Sept. 3, 2006 -- Once only found on the playground and the school bus, bullies have a new venue for tormenting fellow students: the Internet.
Now school-age bullies attack their classmates with just the click of a mouse. A new national poll said one in every three children between the ages of 12 and 17 is the victim of cyberbullying.
"Unfortunately, we are living in a culture of meanness," said Alane Fagin, executive director of Child Abuse Prevention Services. "A culture of incivility. We are seeing a lot more of the verbal bullying," said Alane Fagin, executive director of Child Abuse Prevention Services.
Scars More Than Physical
When Jacqui Garcia was 16, she became a victim of cyberbullying after someone posted a disturbing profile on her on the Web. One site posted this message on Jacqui: "She is mad pale and rocks bright red lipstick with long jet black hair and she scared people with her hideous face."
The posting left Jacqui physically shaken.
"I became physically sick. I didn't want to go to school. I was shaking," Garcia said. "Sometimes at night I would lock my door and just cry."
The Web page was eventually removed, but Jaqui transferred to another school.
Victims of cyberbullying are often more emotionally injured than those who are physically attacked in a schoolyard, according to experts.
"A kid wants to go online. That kid could be barraged with e-mails that constantly humiliate or harass the victim," Fagin said. "When you see schoolyard bullying, the victim can just leave. You don't see that with cyberbullying."
"There are laws protecting students against direct threats," said Joseph Guidetti, former principal of Calabasas High School. "You have to recognize that that's going on and you have to be proactive."
How to Deal with Bullies
To help kids cope with both traditional and cyberbullying, Dr. Sherryll Kraizer, a staff developer at Denver Public Schools, recommends that parents and children follow these tips.
Tips for Parents
1. Be proactive. Talk to your kids about what bullying is and the different forms it can take: physical, verbal and general intimidation.

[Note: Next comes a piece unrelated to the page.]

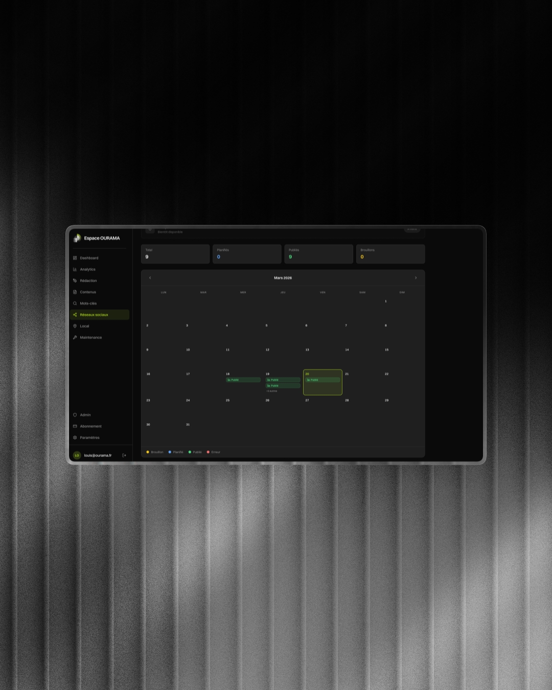 Espace OURAMA fonctionne avec des formules modulables selon vos besoins. Pas d'abonnement surdimensionné : vous activez les modules qui correspondent à votre usage, SEO, LinkedIn, avis Google, ou les trois. On vous présente les formules lors de la démo, une fois qu'on a compris ce dont vous avez vraiment besoin. Les premières formulent débute à 150€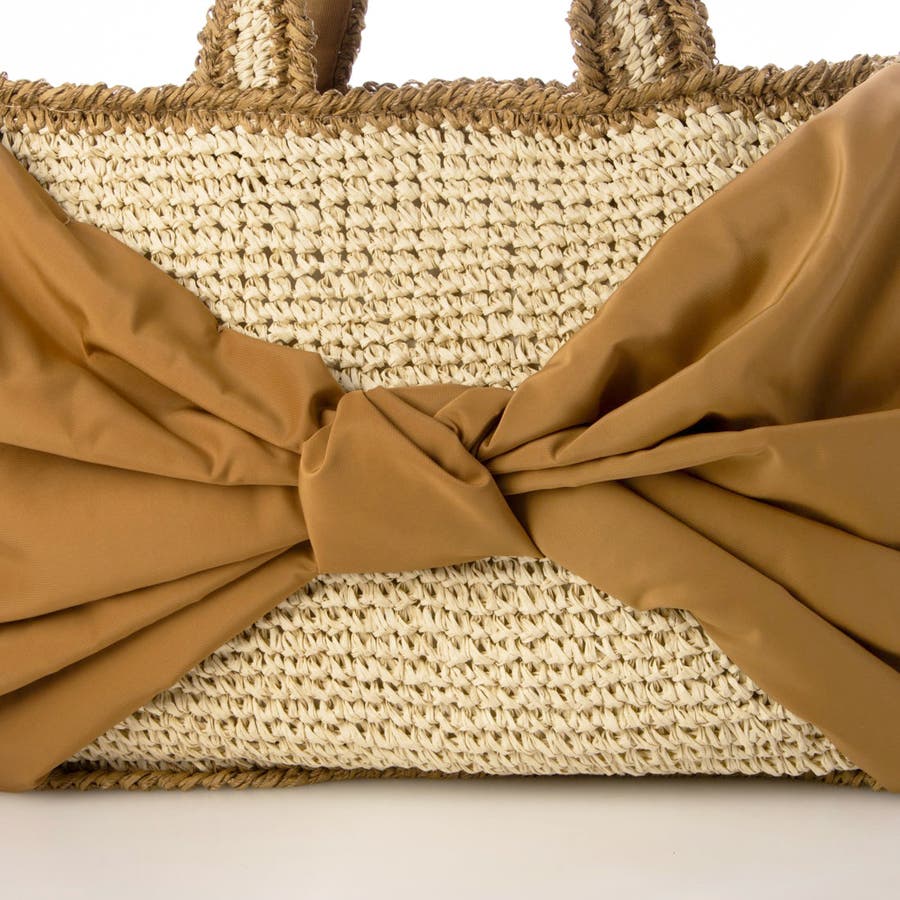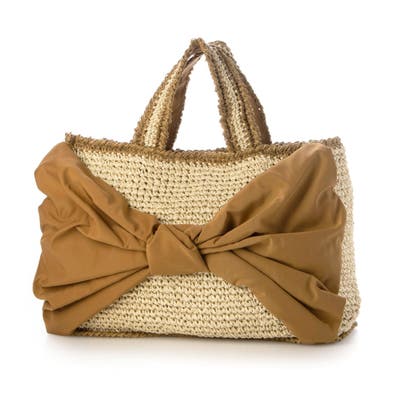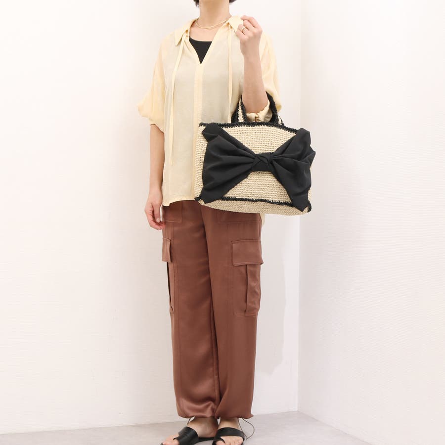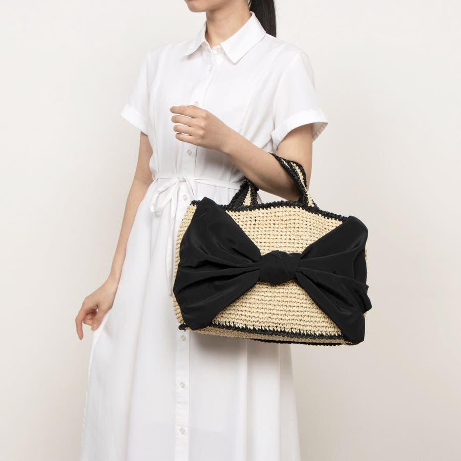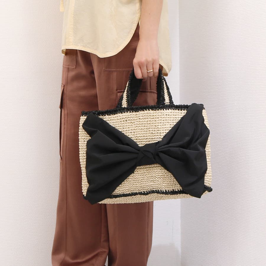 ビッグリボンが目を引くカゴバッグ。

2. Practice. Set up hypothetical situations with your kids. Ask them what they would do if someone demanded their lunch money.
Tips for Kids
1. Be assertive. If facing a bully, be assertive and standup for yourself. You can do this with eye contact and good posture.
2. Walk away. If someone starts bullying you, just walk away.
3. If it happens, tell someone. You aren't being a tattletale if you're not trying to get anyone in trouble. Telling an adult is always good when you can't handle the situation yourself. Also, tell someone early: the longer the bullying goes on, the harder it is to stop.
4. There's power in numbers. Stay in groups -- walk to school with a buddy, sit with friends at lunch and stick with kids you know on the playground. This will discourage would-be bullies from pouncing.